(Data records)
———

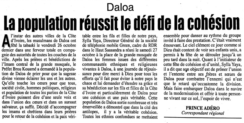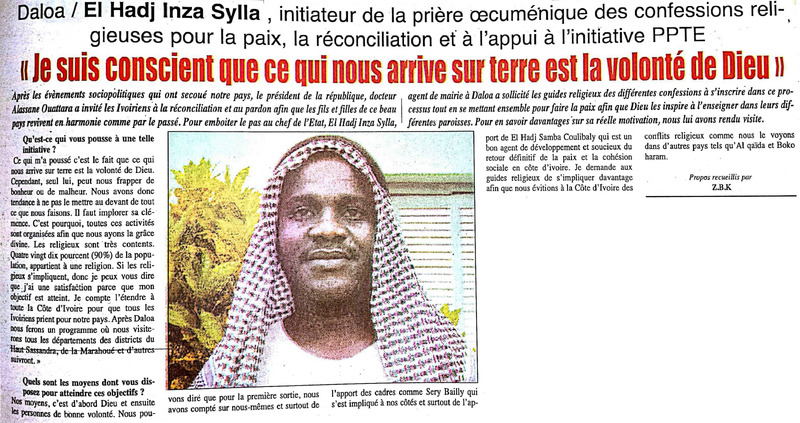 Daloa. El Hadj Inza Sylla, initiateur de la prière oecuménique des confessions religieuses pour la paix, la réconciliation et à l'appui à l'initiative PPTE : "Je suis conscient que ce qui nous arrive sur terre est la volonté de Dieu"
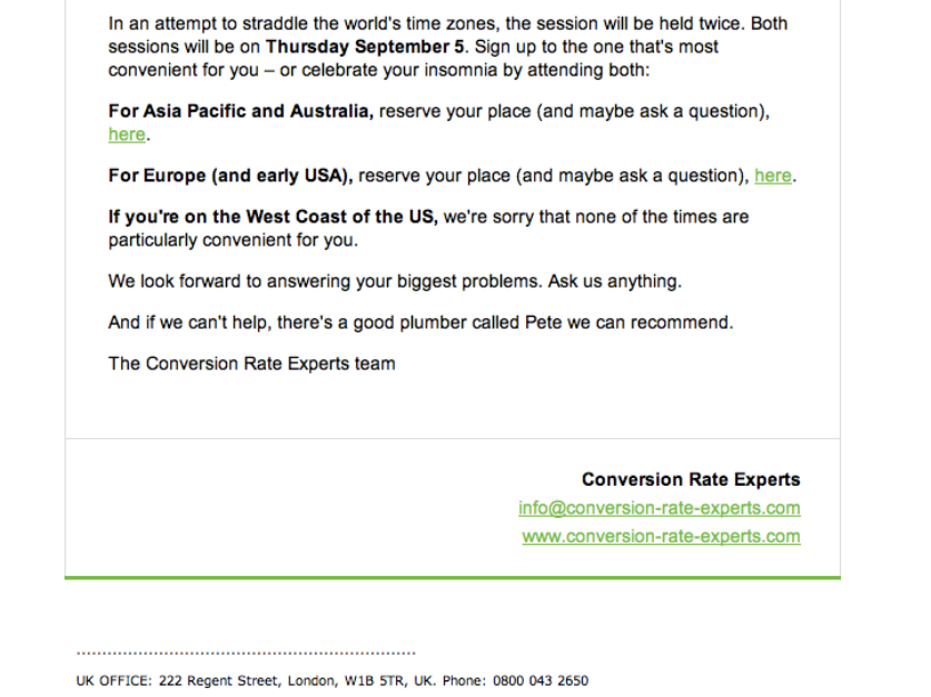 Here’s a great example from a webinar invitation. Although this email uses long-form sales copy, the email repeats the call to action (using different wording) toward the bottom of the email.
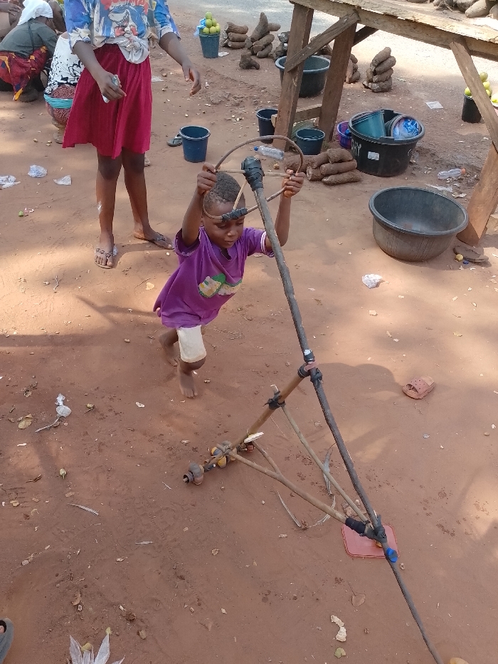 The scene depicts an outdoor setting in Ejule, Nigeria, characterized by reddish-brown dirt ground with scattered debris including plastic bags and leaves. Direct sunlight indicates daytime conditions. In the foreground, a young male child with short hair and dark skin wears a purple t-shirt and light-colored shorts, operating a large, homemade wheeled toy. The toy is constructed from dark wooden sticks, plastic piping, and black tape, featuring a plastic bottle integrated into the upper structure and wooden spool-like wheels on a triangular base. The child, barefoot, leans forward, gripping the toy's upper handles with both hands, suggesting active movement. Behind him, slightly to the left, a taller female child or young individual with dark skin stands wearing a multi-colored patterned top and a red skirt. She wears light-colored sandals on her visible right foot and holds a small white object in her left hand. Further left and partially obscured, an adult figure is visible, wearing a white head covering and patterned clothing, in a crouched or seated position. The background reveals elements of an informal market or roadside stall. Multiple conical piles of yams are arranged on the ground. Various plastic buckets and basins in shades of blue, black, and green are scattered throughout the area; one blue bucket contains green spherical fruits. A rudimentary wooden structure, possibly part of a stall, is visible on the right. A single brown sandal rests on the ground near this structure.
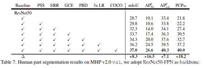 如表6所示,有了所有这些提出的方法,我们的Parsing R-cnn比baseline提升更多
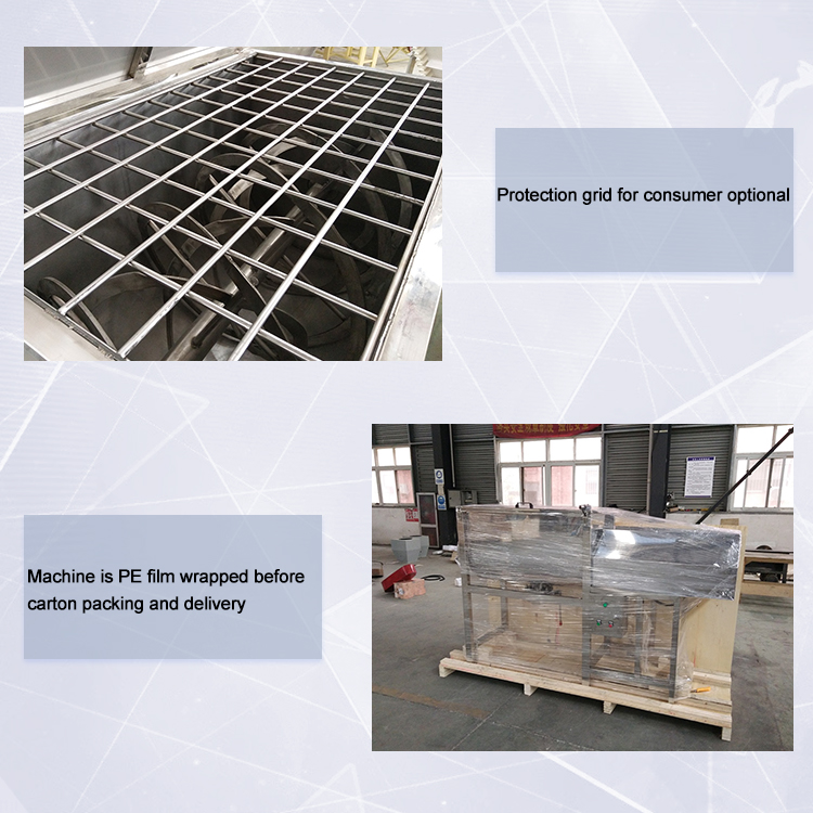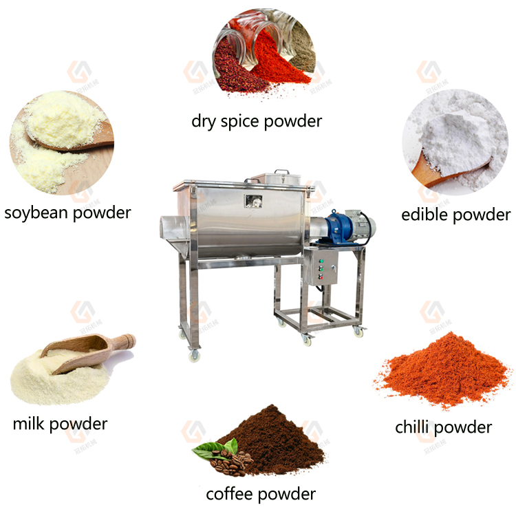 This is ribbon blender powder mixer machine, suit for mixing dry powder item like milk powder, dry spice powder, seasoning powder, fertilizer powder, protein powder etc; it can be widely used in food, chemical and other industries.machine is stainless steel and comply to food safety grade,it is easy to operate.
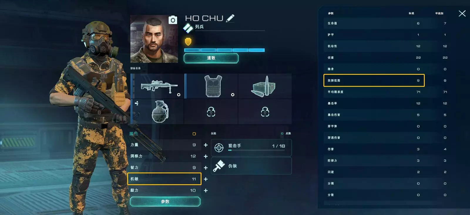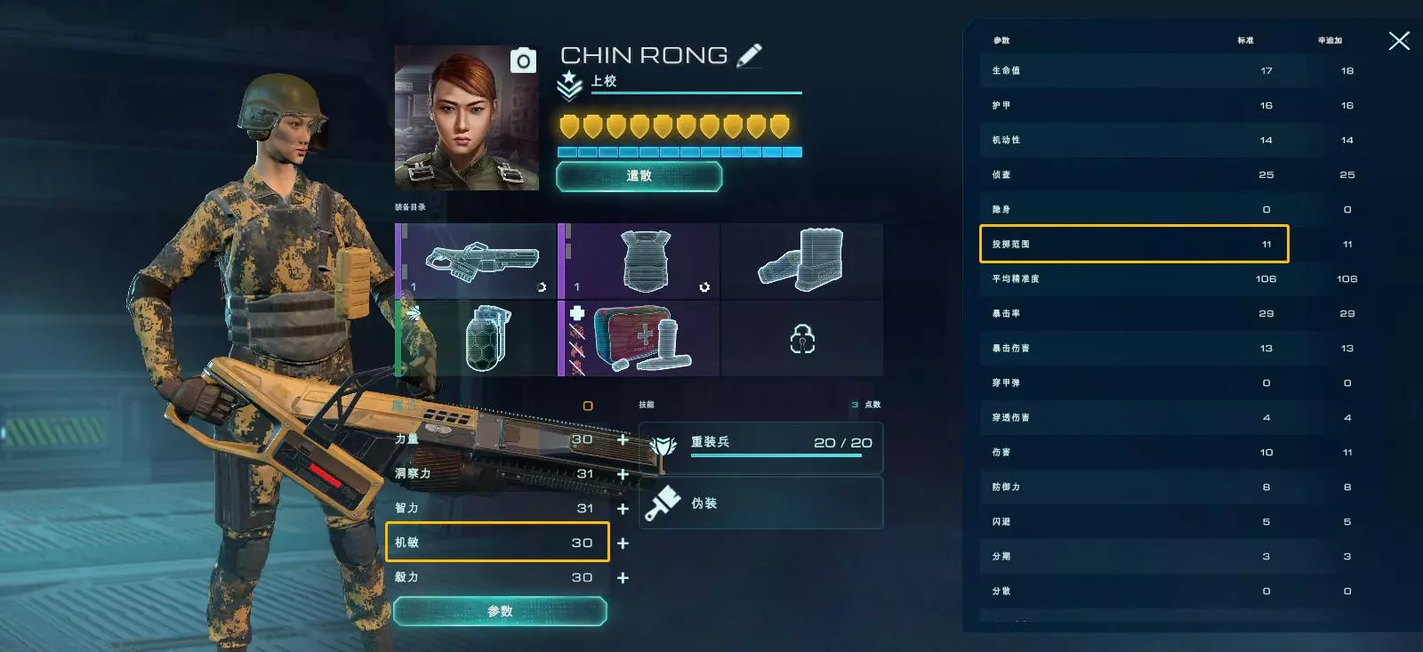 【暴击几率】:造成强化伤害的几率,与【暴击伤害】统计数据有关。暴击概率取决于武器,然后会叠加到雇佣兵的技能和武器模块中。 【暴击伤害】:暴击造成的伤害量。暴击伤害取决于武器,并与武器模块和技能叠加。 【属性:机敏】 机敏:增加投掷手雷和扫描仪的距离。具体为:每8点机敏值可让道具投掷范围增加1个单元。 差别如下:该雇佣兵的机敏为30,投掷范围为:8(基础范围)+30/8(属性,仅保留整数)=11
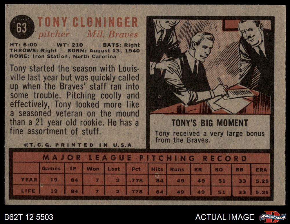 1962 Topps #63 Tony Cloninger 5.5 - EX+
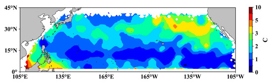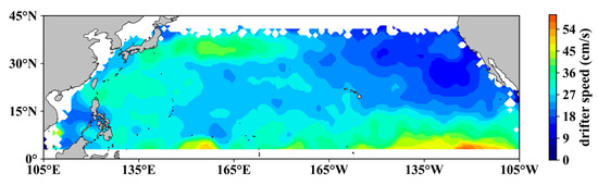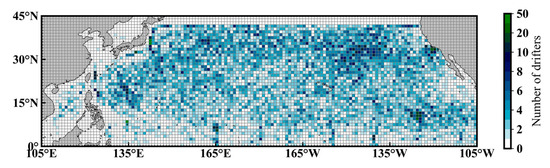 The study area is the North Pacific (105° E–255° E, 0° N–45° N, Figure 1). Using the Six-Hourly Interpolated Drifter Data provided by NOAA’s DAC (https://www.aoml.noaa.gov/phod/gdp/interpolated/data/all.php (accessed on 23 February 2023) [36], a total of 11,843 drifter trajectories (from January 2011 to December 2020) were analyzed.
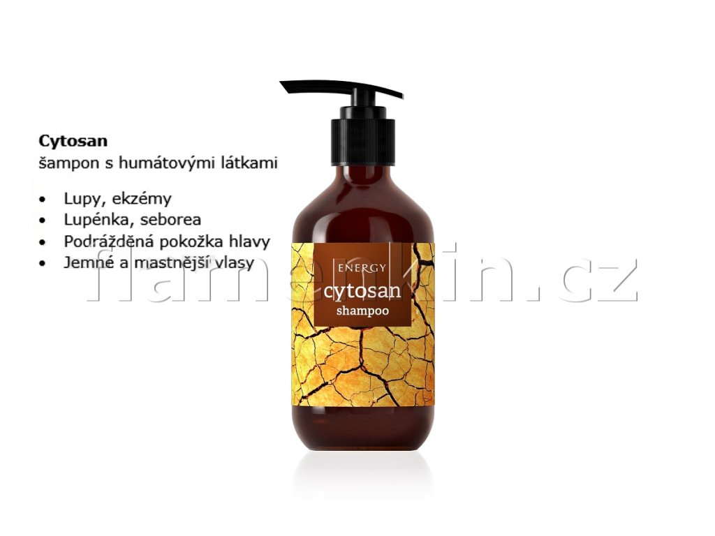 Terapeutický humátový šampon Cytosan je určený k aplikaci při kožních problémech ve vlasové pokožce, jako jsou lupy, ekzémy, lupénka nebo jiné dermatitidy. Při jeho používání dochází k hluboké očistě a detoxikaci vlasové pokožky i vlasů. Je velice vhodný u mastnějších a jemných vlasů, které dobře očistí a zpevní. Lze jej nanášet také jako sprchový gel na celý povrch těla (například u zmíněné lupénky).
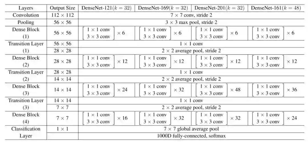 遵循该范式,我们知道第 l 层将具有 k *(l-1)+ k_0 个输入特征映射,其中 k_0 是输入图像的通道数目。作者使用一个叫作「增长率」的超参数 (k) 防止网络过宽,他们还用了一个 1*1 的卷积瓶颈层,在昂贵的 3*3 卷积前减少特征映射的数量。整体架构如下表所示:
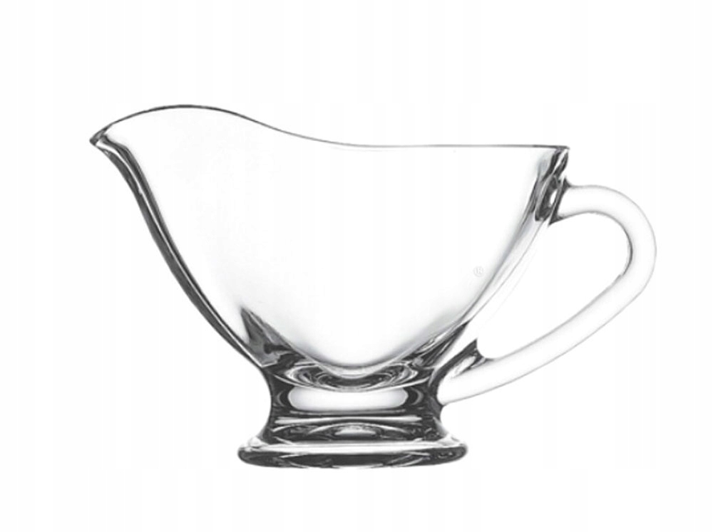 Стеклянная кастрюль красиво представлена на высокой ноге. У него есть удобное ухо. Сделано брендом Pasabahce.
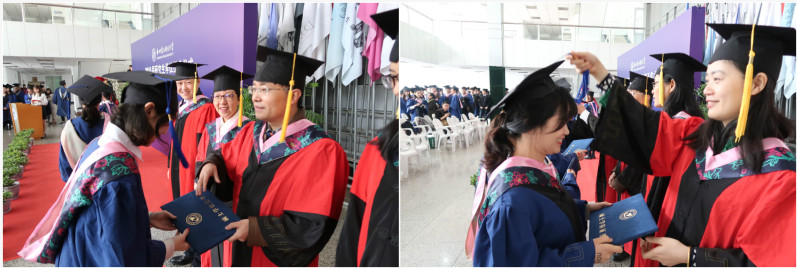 经学校学位评定委员会全体会议审议通过,决定授予会计学院53名同学硕士学位。毕业生们依次踏上红地毯,由五位老师组成的“主礼嘉宾”小组亲切地为学生们拨过硕士帽上的流苏,祝贺他们圆满完成学业。吴卿副校长为毕业生一一授予学位证书并与他们合影留念。仪式结束之时,各位老师与毕业生一同拍摄集体照,留下这难忘的时刻。
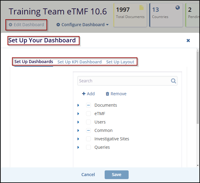 - Once clicked on Edit Dashboard, the Set Up Your Dashboard window will appear.
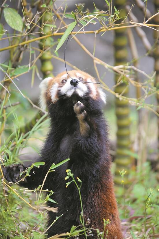 除了大熊猫,还有狮子阿杭、小熊猫、长臂猿等珍稀动物也引来了众多的游客。身穿桔红色马甲的志愿者手持告示牌,维持着园区秩序,并提供相关的咨询。

———

▶ **Work task**
Exactly as written, restate the lines from the one that contains "1962 Topps #63 Tony Cloninger 5.5 - EX+" through the final line of the data, both ends included, but leave out the pictures.

▶ **Problem solution**
 1962 Topps #63 Tony Cloninger 5.5 - EX+
 The study area is the North Pacific (105° E–255° E, 0° N–45° N, Figure 1). Using the Six-Hourly Interpolated Drifter Data provided by NOAA’s DAC (https://www.aoml.noaa.gov/phod/gdp/interpolated/data/all.php (accessed on 23 February 2023) [36], a total of 11,843 drifter trajectories (from January 2011 to December 2020) were analyzed.
 Terapeutický humátový šampon Cytosan je určený k aplikaci při kožních problémech ve vlasové pokožce, jako jsou lupy, ekzémy, lupénka nebo jiné dermatitidy. Při jeho používání dochází k hluboké očistě a detoxikaci vlasové pokožky i vlasů. Je velice vhodný u mastnějších a jemných vlasů, které dobře očistí a zpevní. Lze jej nanášet také jako sprchový gel na celý povrch těla (například u zmíněné lupénky).
 遵循该范式,我们知道第 l 层将具有 k *(l-1)+ k_0 个输入特征映射,其中 k_0 是输入图像的通道数目。作者使用一个叫作「增长率」的超参数 (k) 防止网络过宽,他们还用了一个 1*1 的卷积瓶颈层,在昂贵的 3*3 卷积前减少特征映射的数量。整体架构如下表所示:
 Стеклянная кастрюль красиво представлена на высокой ноге. У него есть удобное ухо. Сделано брендом Pasabahce.
 经学校学位评定委员会全体会议审议通过,决定授予会计学院53名同学硕士学位。毕业生们依次踏上红地毯,由五位老师组成的“主礼嘉宾”小组亲切地为学生们拨过硕士帽上的流苏,祝贺他们圆满完成学业。吴卿副校长为毕业生一一授予学位证书并与他们合影留念。仪式结束之时,各位老师与毕业生一同拍摄集体照,留下这难忘的时刻。
 - Once clicked on Edit Dashboard, the Set Up Your Dashboard window will appear.
 除了大熊猫,还有狮子阿杭、小熊猫、长臂猿等珍稀动物也引来了众多的游客。身穿桔红色马甲的志愿者手持告示牌,维持着园区秩序,并提供相关的咨询。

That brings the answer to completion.